Earlier this week, two major players in RNA therapeutics, Isis and Cambridge, Mass.-based Alynlam Pharmaceuticals Inc., signed a co-exclusive license agreement with Stanford University to discover and develop products to treat hepatitis C virus infection by inhibiting liver-specific microRNA. And last week, Novartis acquired almost 20 percent of Alnylam as part of a potential $700 million RNAi agreement.

While RNA technologies might not be traditional antisense, they are built on the same principles.

"It's a pretty exciting field," Barik said, adding that company laboratories are working to find more stable and more specific formulations to use RNA therapies "at a lower dosage to minimize the side effects and toxicity."

"It's getting there," he said. "It's more promising than antisense at this point."

In November, San Francisco-based Sirna Therapeutics Inc. started the world's first clinical study of a chemically optimized siRNA, Sirna-027, to treat patients with wet age-related macular degeneration. Interim results presented in May showed that Sirna-027 was safe and well tolerated, with no systemic or local adverse events, and all patients tested experienced visual acuity stabilization, while almost half had improvement in their vision.

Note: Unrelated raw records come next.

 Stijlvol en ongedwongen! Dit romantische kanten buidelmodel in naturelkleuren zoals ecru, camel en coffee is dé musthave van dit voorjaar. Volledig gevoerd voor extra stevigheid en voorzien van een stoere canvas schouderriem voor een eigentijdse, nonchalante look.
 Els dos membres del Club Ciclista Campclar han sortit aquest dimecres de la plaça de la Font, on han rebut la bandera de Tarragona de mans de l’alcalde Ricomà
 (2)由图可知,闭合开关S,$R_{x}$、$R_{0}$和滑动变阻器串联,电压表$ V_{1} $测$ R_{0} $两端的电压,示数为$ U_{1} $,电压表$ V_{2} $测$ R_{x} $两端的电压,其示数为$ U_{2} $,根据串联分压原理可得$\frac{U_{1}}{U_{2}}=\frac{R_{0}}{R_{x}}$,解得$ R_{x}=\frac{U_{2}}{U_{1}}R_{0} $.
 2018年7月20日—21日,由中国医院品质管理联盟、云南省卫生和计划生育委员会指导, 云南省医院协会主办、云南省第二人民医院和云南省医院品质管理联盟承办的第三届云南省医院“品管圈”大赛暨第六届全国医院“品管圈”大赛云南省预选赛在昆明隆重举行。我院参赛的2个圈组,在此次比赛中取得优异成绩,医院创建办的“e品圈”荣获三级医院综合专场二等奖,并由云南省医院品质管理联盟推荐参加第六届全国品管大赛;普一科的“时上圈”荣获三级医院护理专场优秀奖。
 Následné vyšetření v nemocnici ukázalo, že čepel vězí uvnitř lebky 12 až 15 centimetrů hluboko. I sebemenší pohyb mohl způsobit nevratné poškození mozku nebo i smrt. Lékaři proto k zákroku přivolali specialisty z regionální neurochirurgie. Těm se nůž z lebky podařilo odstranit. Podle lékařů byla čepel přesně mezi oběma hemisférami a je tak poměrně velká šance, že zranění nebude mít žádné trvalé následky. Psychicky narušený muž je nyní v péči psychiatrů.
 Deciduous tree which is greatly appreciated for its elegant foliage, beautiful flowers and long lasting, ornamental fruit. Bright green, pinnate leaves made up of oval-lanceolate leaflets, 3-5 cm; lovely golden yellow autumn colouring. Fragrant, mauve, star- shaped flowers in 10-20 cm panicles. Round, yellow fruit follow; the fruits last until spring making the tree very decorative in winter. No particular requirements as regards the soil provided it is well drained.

But some up and coming antisense drugs also have shown positive results, at least in early trials. In the summer, Portland, Ore.-based AVI BioPharma said studies conducted at the Scripps Research Institute in La Jolla, Calif., showed its Neugene third-generation antisense compounds were able to inhibit infection by the severe acute respiratory syndrome coronavirus. The company also submitted an investigational new drug application to the FDA for AVI-4065 to treat hepatitis C virus. And its lead antisense compound, Resten-NG, is expected to enter Phase III after Phase II data showed statistically significant efficacy in preventing restenosis.

There is still promise in the field, analysts say.

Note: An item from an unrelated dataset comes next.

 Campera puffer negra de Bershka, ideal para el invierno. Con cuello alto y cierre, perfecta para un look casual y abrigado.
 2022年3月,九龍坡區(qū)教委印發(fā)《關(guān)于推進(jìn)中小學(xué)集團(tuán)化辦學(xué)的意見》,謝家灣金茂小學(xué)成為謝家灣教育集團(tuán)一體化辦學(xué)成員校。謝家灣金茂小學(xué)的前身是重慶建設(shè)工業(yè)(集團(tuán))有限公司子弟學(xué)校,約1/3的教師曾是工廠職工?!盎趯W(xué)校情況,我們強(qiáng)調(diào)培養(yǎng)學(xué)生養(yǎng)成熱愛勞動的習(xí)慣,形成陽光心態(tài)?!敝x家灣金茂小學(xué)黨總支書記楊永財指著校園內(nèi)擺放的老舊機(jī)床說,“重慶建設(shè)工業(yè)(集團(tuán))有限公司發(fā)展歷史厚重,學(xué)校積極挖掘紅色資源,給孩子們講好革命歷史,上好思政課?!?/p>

"It's not unlike antibodies. Everybody loves them now," Monane said. "But the first-generation antibodies were murine antibodies. They were non-human."

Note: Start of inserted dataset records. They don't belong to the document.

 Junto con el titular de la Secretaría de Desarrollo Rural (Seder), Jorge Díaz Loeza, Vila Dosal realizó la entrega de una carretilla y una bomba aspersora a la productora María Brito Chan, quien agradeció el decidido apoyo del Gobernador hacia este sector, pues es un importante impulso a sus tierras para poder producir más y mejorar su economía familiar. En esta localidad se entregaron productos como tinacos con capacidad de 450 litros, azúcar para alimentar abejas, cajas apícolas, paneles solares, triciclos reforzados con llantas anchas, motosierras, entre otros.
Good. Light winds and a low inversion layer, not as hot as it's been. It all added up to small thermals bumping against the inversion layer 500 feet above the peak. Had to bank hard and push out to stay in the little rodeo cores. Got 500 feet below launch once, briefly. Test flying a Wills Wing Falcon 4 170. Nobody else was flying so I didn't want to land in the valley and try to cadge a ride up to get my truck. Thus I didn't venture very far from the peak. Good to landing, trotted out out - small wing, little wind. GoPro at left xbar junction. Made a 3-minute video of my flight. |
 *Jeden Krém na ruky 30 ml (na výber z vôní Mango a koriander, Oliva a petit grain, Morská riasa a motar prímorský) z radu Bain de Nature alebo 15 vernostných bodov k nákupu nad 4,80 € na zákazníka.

The murine antibodies evolved into humanized antibodies, which led to that field's light bulb, Herceptin. South San Francisco-based Genentech Inc.'s drug became the first humanized antibody approved in 1998 to treat HER2+ metastatic breast cancer.

It would be unwise to misconstrue a strategic move by Isis to focus on RNAi as the end to all antisense therapies.

"It's the next step in evolution," Monane said. "And I think that's what we're seeing in antisense and RNA medicines. So I don't think it's fair to say that antisense is dead. RNA medicine is the umbrella now in thinking about these kinds of therapies."